# For Anyone Intrested



## MIKE (Feb 23, 2003)

Hi Posted this picture on a rare visit to"the other side"

Thought I would share it here, for anyone intrested.

Very quick picture to add to one of their posts.

Mike


----------



## johnbaz (Jan 30, 2005)

WOW-he sure does some great work









john.


----------



## pauluspaolo (Feb 24, 2003)

I've had a few watches beadblasted by Bry and his work has always been top notch. I'm debating whether to get another couple of my watches beadblasted (Alba diver and possibly my black knight) - I haven't decided one way or the other yet though. I think they may look better with a brushed finish, which I believe Bry does as well. I've brushed a couple of my watches and done a decent job of it (I think!) but I always struggle with the polished bit of case bit between the lugs. Maybe I need one of those scratchy pens (as used for cleaning copper tracks on pcb's) - anyone have any better solutions??

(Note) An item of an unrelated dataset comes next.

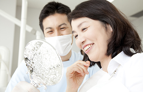 歯を失ってしまった場合、さまざまな治療方法があります。費用を抑えたい・見た目を重視したい・機能面を改善したい…などご自身に合った治療方法が必ずあります。現在お使いの入れ歯でお悩みの方、入れ歯を検討中の方、患者様お一人おひとりに合った治療方法をご提案させていただきます。どんな些細なことでもお気軽にご相談ください。

Talking of the BK, I wore my it yesterday whilst visiting my sister, my nephew likes it, the boy shows fine taste









Nice to see that my old modded Citizen diver is still in your collection Mike


----------



## MIKE (Feb 23, 2003)

pauluspaolo said:


> Nice to see that my old modded Citizen diver is still in your collection Mike
> 
> 
> 
> ...


It's not going anywhere









Mike


----------